Some rows have the COMT inhibitor isolated, therefore, we need to apply the calculations to the respective levodopa dosage that matches the period the patient was taking any of those medications.

Most common options are Entacapone (0.33) and Opicapone (0.5). However, Istradefylline, also uses a 0.2 increased conversion factor.

In [None]:
# Identifying how many entries had one medication that needs LEDD correction
LEDD['LD_multiplier'].value_counts()

**Before analysing:** in order for the code to work, entries should have exactly the same duration as the COMT inhibitor specified start and stop dates. If not, these calclations won't work. Therefore, we have to subdivide into new rows.

This script has been verified that it works correctly by selecting some specific patients and confirming that it correctly creates the necessary new rows that align with medication usage and that the original rows are deleted to not do double calculations.
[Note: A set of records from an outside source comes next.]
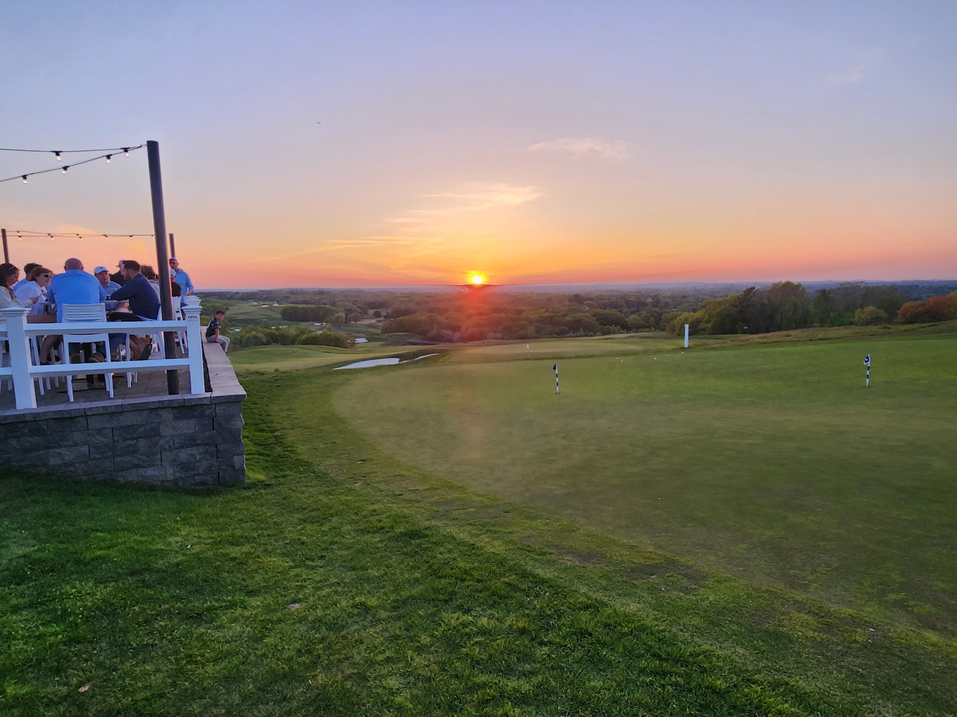 I love that crossing nines is in side granite linx golf course. The view of the course and Boston from atop the hill is great. It's mostly outside dining. The service wasn't great as we waited for a waitress for a good 35 minutes. We finally had to flag the wait staff down and it really wasnt that busy, as I have seen it in the past. It would have been great to order drinks and food from the QR code, but only a menu was visible. When we did get the food it was delicious. I gave the food a 4 because I don't like just a small bag of potato chips when a wrap costs so much money. I honestly thought I was getting fries. I don't need them anyway, but would be giving the food...
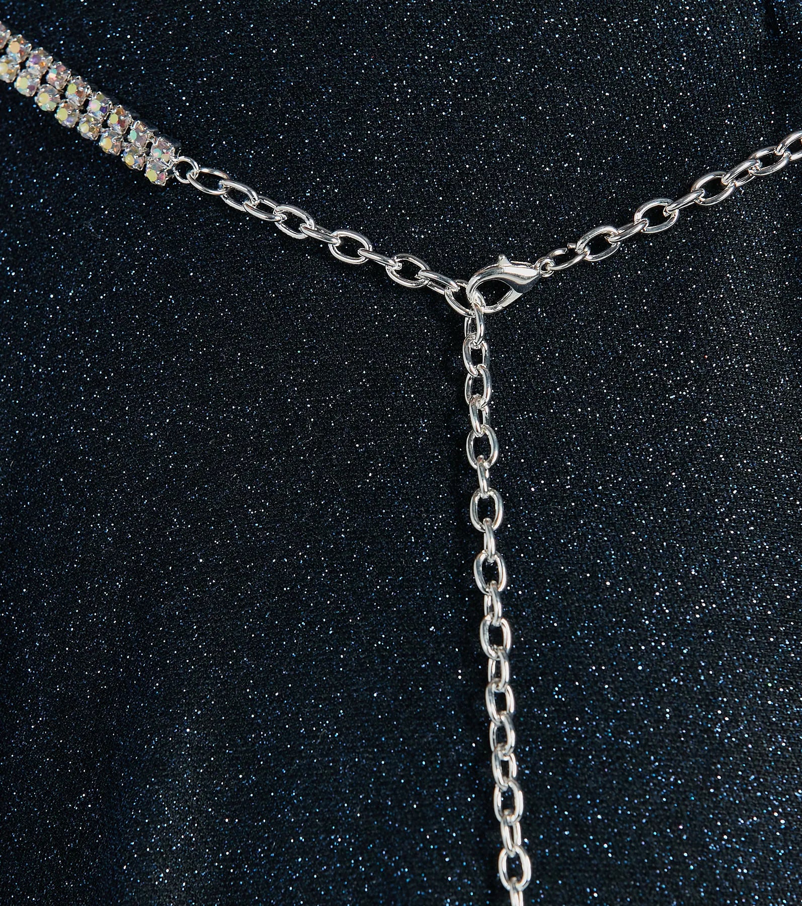 Always classy and chic! Finish your prom look in this rhinestone belt featuring a unique slanted two-row design with a back adjustable chain and lobster clasp closure. Perfect for styling with the matching sparkly bag and heels!
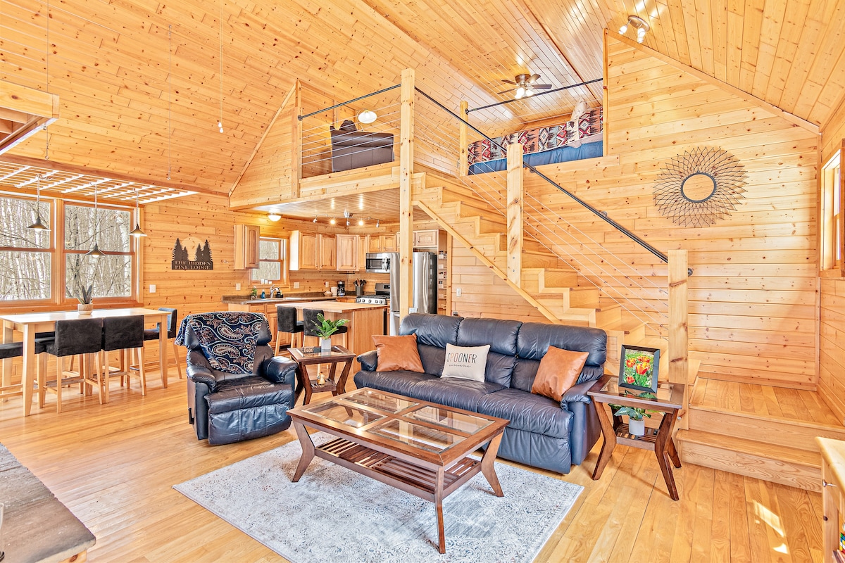 Bersantai di kabin 3BR, 2BA modern di 11 hektar hutan pribadi dengan bak mandi air panas 7 kursi, jacuzzi, tempat tidur baru, WiFi, AC/penghangat ruangan sentral, dan akses langsung ke jalur ATV, UTV & snowmobile. Hanya 1 mil dari bar, restoran, dan tempat hiburan luar ruangan McKenzie Lake. Nikmati peralatan baru, meja kolam renang, permainan, film, jalur pejalan kaki, lubang jagung, mesin cuci/pengering, tempat parkir tertutup, lubang api, dan banyak ruang untuk bersantai, menjelajahi alam, dan menciptakan kenangan yang tak terlupakan.
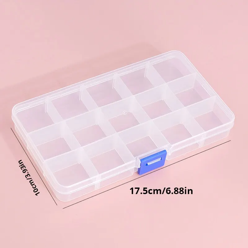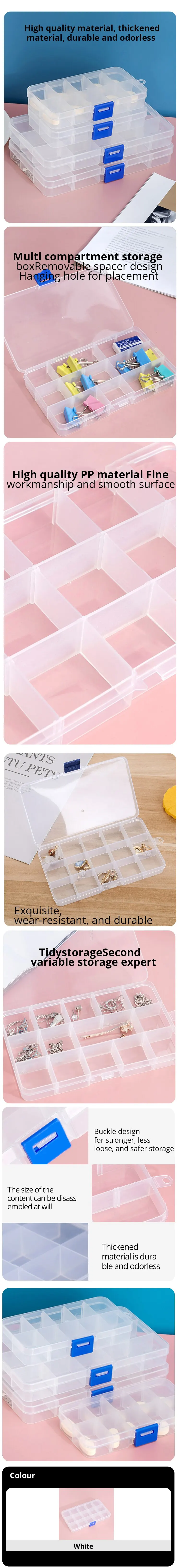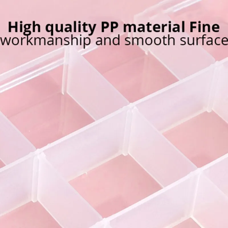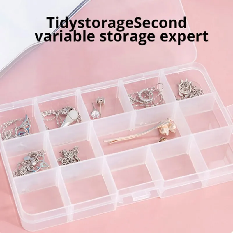 • حجم قابل للتعديل :صندوق المجوهرات البلاستيكي من 15 شبكة يمكن تعديله ليتناسب مع أحجام مختلفة من العناصر ، مما يجعله متعدد الاستخدامات وعملي.
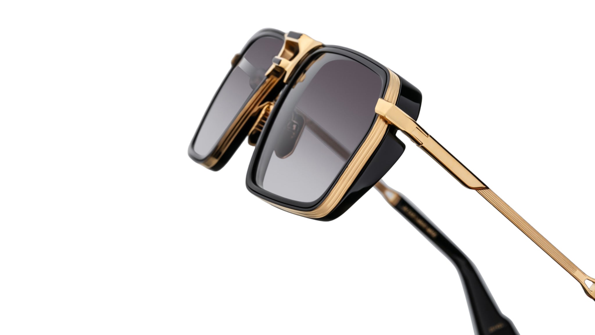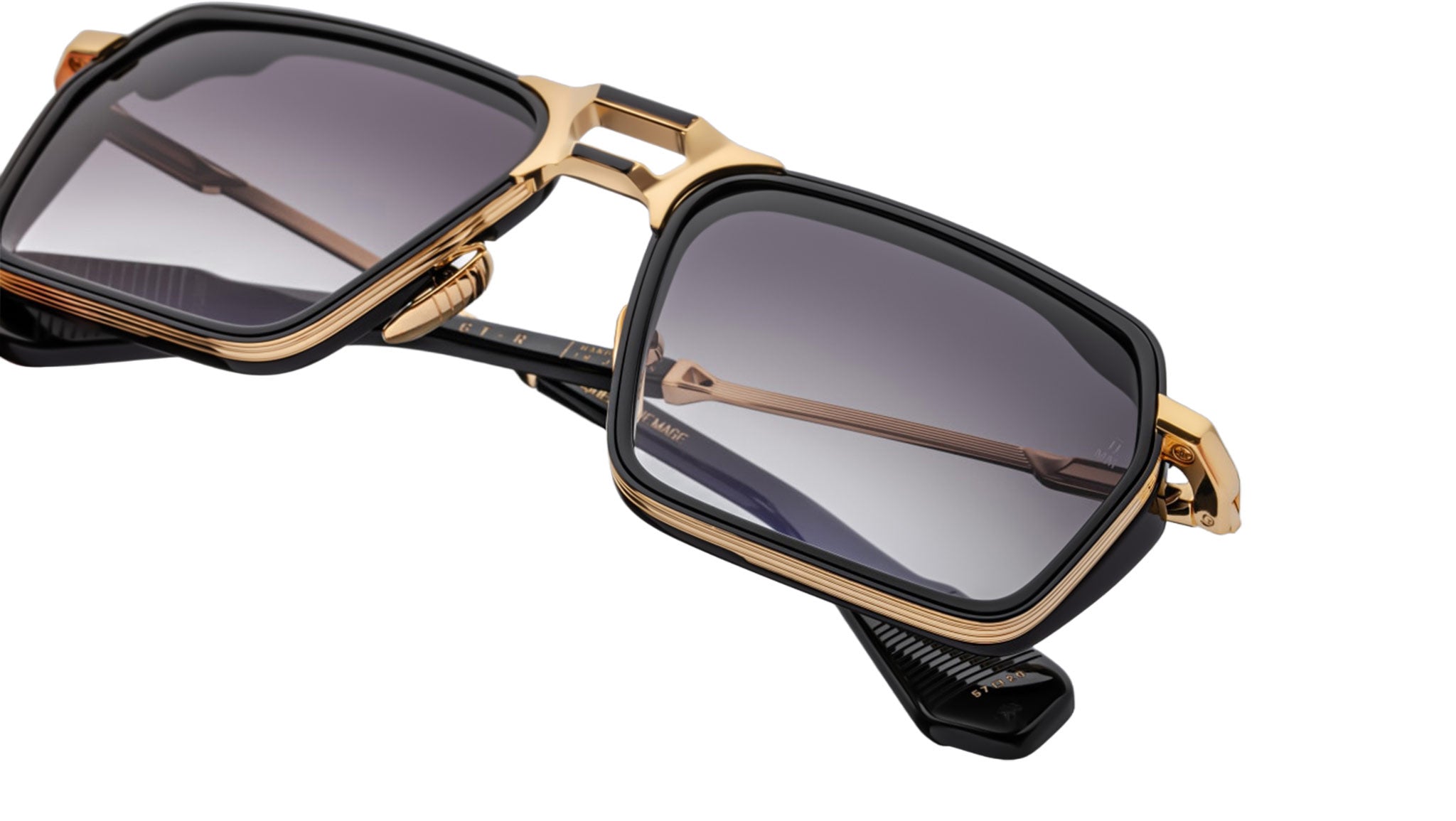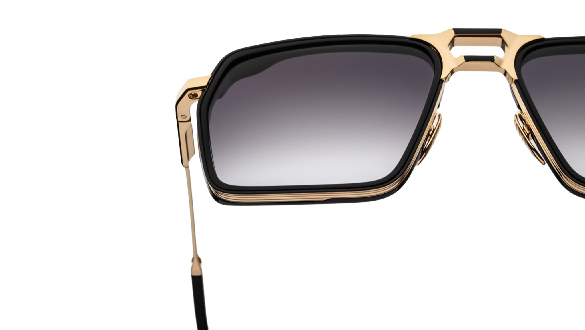Moon gold 100% beta titanium frame with 11mm black cured cellulose acetate inserts and black gradient lenses. Moon gold hairline-engraved titanium temples with acetate tips. Moon gold tension-secured custom 917 hinge. Black acetate eyerim insert. Custom nose pads with logo and hairline engraving. Crescent gradient CR-39 4-base lenses with backside anti-reflective treatment. 100% UV protection.

Select some specific PATNOs modified by this script to verify its feasibility

**IMPORTANT:** as patients currently undertaking medication have a STOPDT of NaN (which invalidates the script), **the first two ines of the script are a comment and a setting for the date you downloaded the dataset, so it will fill all NaN with the specified date!**

In [None]:
# Input the date you downloaded the dataset (this is important for this script to work)
LEDD['STOPDT'] = LEDD['STOPDT'].fillna(pd.to_datetime('2025-01-01'))  # YYYY-MM-DD

# Mark original rows
LEDD['Row_Type'] = 'Original'

# Convert dates for processing
LEDD['STARTDT'] = pd.to_datetime(LEDD['STARTDT'], format='%m/%Y', errors='coerce')
LEDD['STOPDT'] = pd.to_datetime(LEDD['STOPDT'], format='%m/%Y', errors='coerce')

# Identify patients (PATNO) with a non-NaN LD_multiplier
patients_with_ldx = LEDD.loc[LEDD['LD_multiplier'].notna(), 'PATNO'].unique()
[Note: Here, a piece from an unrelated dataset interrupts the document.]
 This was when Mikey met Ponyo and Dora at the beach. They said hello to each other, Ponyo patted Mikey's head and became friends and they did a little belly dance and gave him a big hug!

# Create lists to store new and junk rows
new_rows = []
junk_rows = []
modified_patnos = set()  # Track PATNOs where at least one change occurred

# Process each patient separately
for patno in patients_with_ldx:
    # Extract the periods where the patient has a valid LD_multiplier
    ldx_periods = LEDD[(LEDD['PATNO'] == patno) & (LEDD['LD_multiplier'].notna())][['STARTDT', 'STOPDT', 'LD_multiplier']]

    # Extract all Levodopa rows for the patient
    levodopa_rows = LEDD[(LEDD['PATNO'] == patno) & (LEDD['LEDTRT'].str.contains('Levodopa', case=False, na=False))]

    for _, ldx in ldx_periods.iterrows():
        ld_start, ld_stop, ld_multiplier = ldx['STARTDT'], ldx['STOPDT'], ldx['LD_multiplier']

        for _, levodopa in levodopa_rows.iterrows():
            levo_start, levo_stop = levodopa['STARTDT'], levodopa['STOPDT']

            # Identify non-exact but overlapping matches
            if (levo_start < ld_stop) and (levo_stop > ld_start) and not ((levo_start == ld_start) and (levo_stop == ld_stop)):

                # Move the original row to the junk dataset before replacing it
                junk_rows.append(levodopa.copy())

                # Mark PATNO as modified
                modified_patnos.add(patno)

                # First row: Exact match to LD multiplier time
                exact_match = levodopa.copy()
                exact_match['STARTDT'] = ld_start
                exact_match['STOPDT'] = ld_stop
                exact_match['Row_Type'] = 'Generated'
                new_rows.append(exact_match)

                # Second row: Period before LD multiplier medication
                if levo_start < ld_start:
                    before_match = levodopa.copy()
                    before_match['STOPDT'] = ld_start
                    before_match['Row_Type'] = 'Generated'
                    new_rows.append(before_match)

                # Third row: Period after LD multiplier medication
                if (levo_stop is pd.NaT) or (levo_stop > ld_stop):
                    after_match = levodopa.copy()
                    after_match['STARTDT'] = ld_stop
                    after_match['Row_Type'] = 'Generated'
                    new_rows.append(after_match)

# Convert the new and junk rows into DataFrames
new_rows_df = pd.DataFrame(new_rows)
junk_rows_df = pd.DataFrame(junk_rows)

# Remove the junk rows from the main dataset
LEDD = LEDD[~LEDD.index.isin(junk_rows_df.index)]

# Append the generated rows to the original dataset
LEDD = pd.concat([LEDD, new_rows_df], ignore_index=True)

# Sort the dataset by PATNO and STARTDT to maintain alignment
LEDD = LEDD.sort_values(by=['PATNO', 'STARTDT']).reset_index(drop=True)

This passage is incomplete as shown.